My brother is the best cook in the family, hands-down. Up until last year, he was a chef at a Thai restaurant. It was an accident, his becoming a chef. He meant to just make some money in college, but then after he graduated with a history degree, his cooking experience was still the most valuable thing on his resume. Sometimes you get into something and then just keep doing it because you don't have many other options. Momentum is a powerful force. He makes a mean kimchee, and can tell you the right way to get crispy oven-baked fries.

My sister cooks the same few recipes every single week. Partially, this is because she's a picky eater, plus she won't do red meat, plus she's gluten-intolerant. She makes a lot of mashed potatoes. Also potato soup, using the recipe my grandma used to make. My grandma taught my sister to make potato soup, and I think even now my sister makes it as a way of keeping her alive, sort of. There's something comforting about the warmth and the carbs, and the floating, glistening butter. I think my sister's food habits are monotonous, but she likes it that way. Me, I'd be bored sick.

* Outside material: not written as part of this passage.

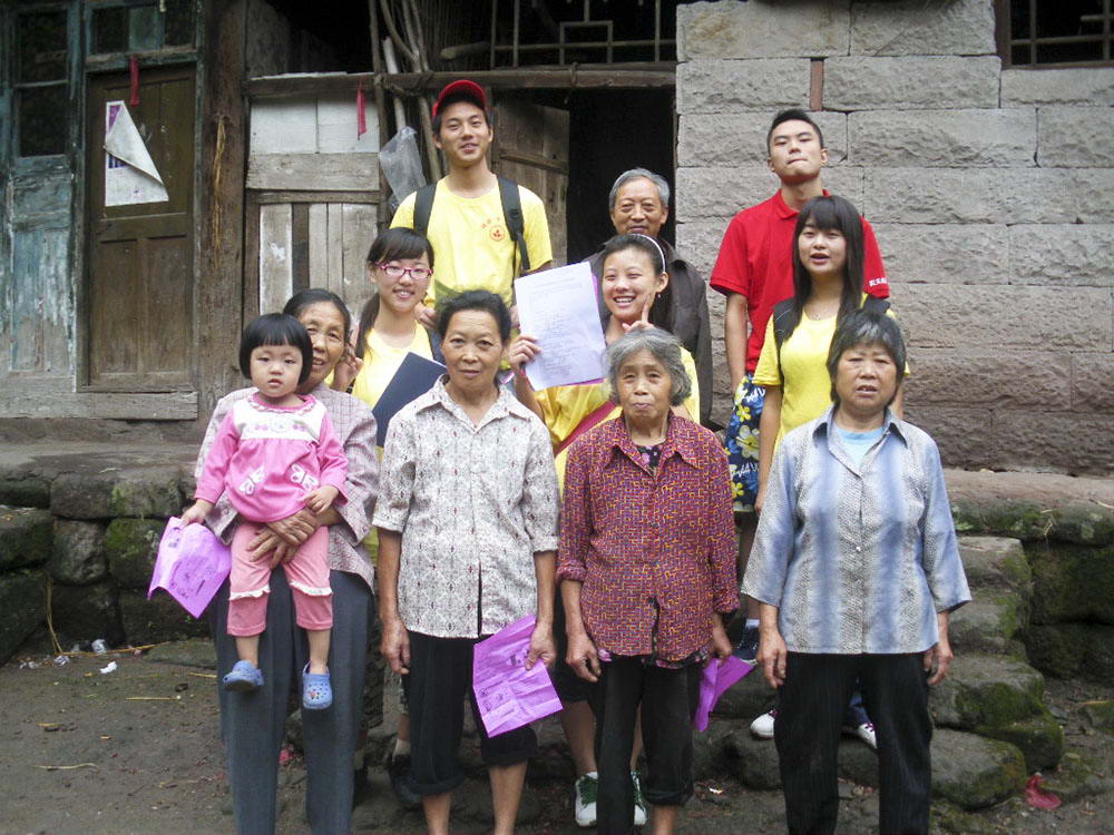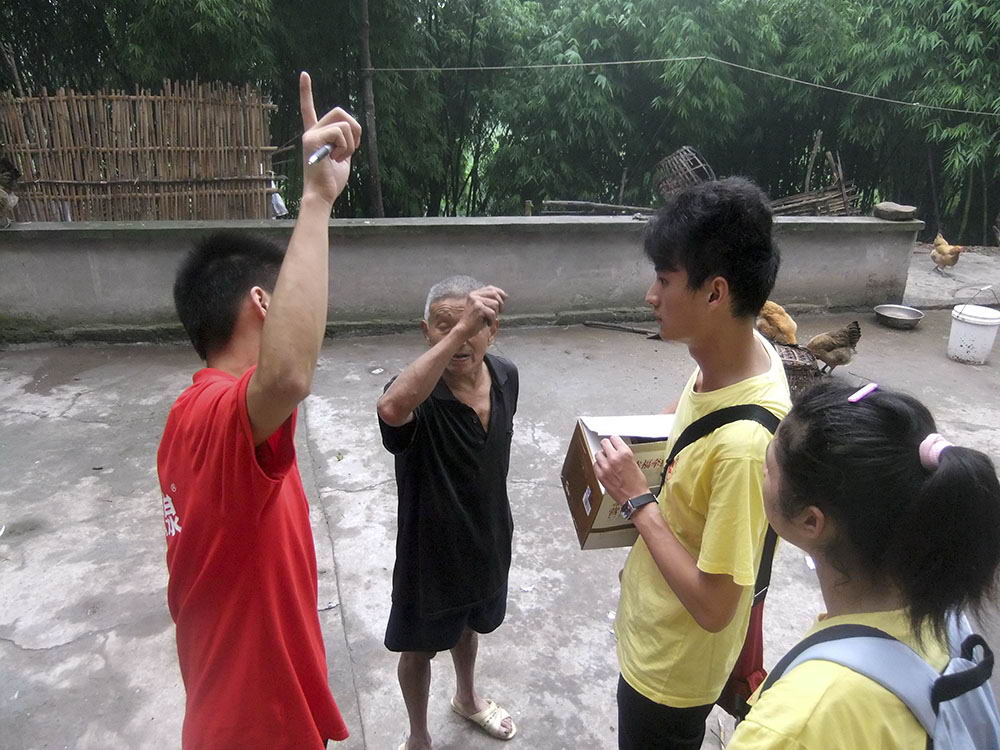 调采组三个小组则分别深入到中心镇秀观村、南门坎村、林山村、龙王村和南溪油房村等各大小村庄。由于昨日阵雨不断,路上还很泥泞,可是各组队员都干劲十足,走家串户行进了5、6公里。一些村民起初见到一大队人都心存戒备,当听说队员们是来采集他们的水做检测时他们非常欢迎。看到队员们辛苦的从井里舀水或者山上的水源地取水采集样品弄得一身泥时,村民们纷纷前来帮忙。在村民们积极的配合下,队员们都圆满的完成了采集水样的任务。队员们在沿途的居民家中和他们一起聊家常,询问他们的饮用水情况并一遍遍解释向他们宣传的如何健康饮用水的知识。许多人文化程度低不了解问卷的知识,队员们就想尽办法用通俗易懂话转诉。当地居民对队员们的努力非常赞赏,一位老大爷深情的说“你们大学生利用假期来我们这里搞活动,我们一定支持,早就盼望有人来检测一下我们的水安全不安全了”。经过约五个小时的走访采样和问卷调查,大家对该地区的饮用水情况有了大致的了解。等到队员离开时,村民们依依不舍,纷纷拿出家中的水果和特产送给队员们。至中午时分,各组队员们都按时按质按量完成了任务。

I like trying new things, but as I get older I veer more toward my dad's penchant for convenience. Time is limited, creative energy is limited, my family's palates are limited. I'm always trying to figure out how to get more vegetables into my toddler, while sticking to a small budget, while keeping my meal preparation time under 20 minutes. These days I'm a huge fan of the crockpot.

Before I had kids, I used to just eat cereal for dinner on some days, or go back to my beans-and-corn-on-tortilla streak. When I'm alone, I prefer to just take the quickest possible route to feeling full. No one that I have ever met really likes to cook for just one.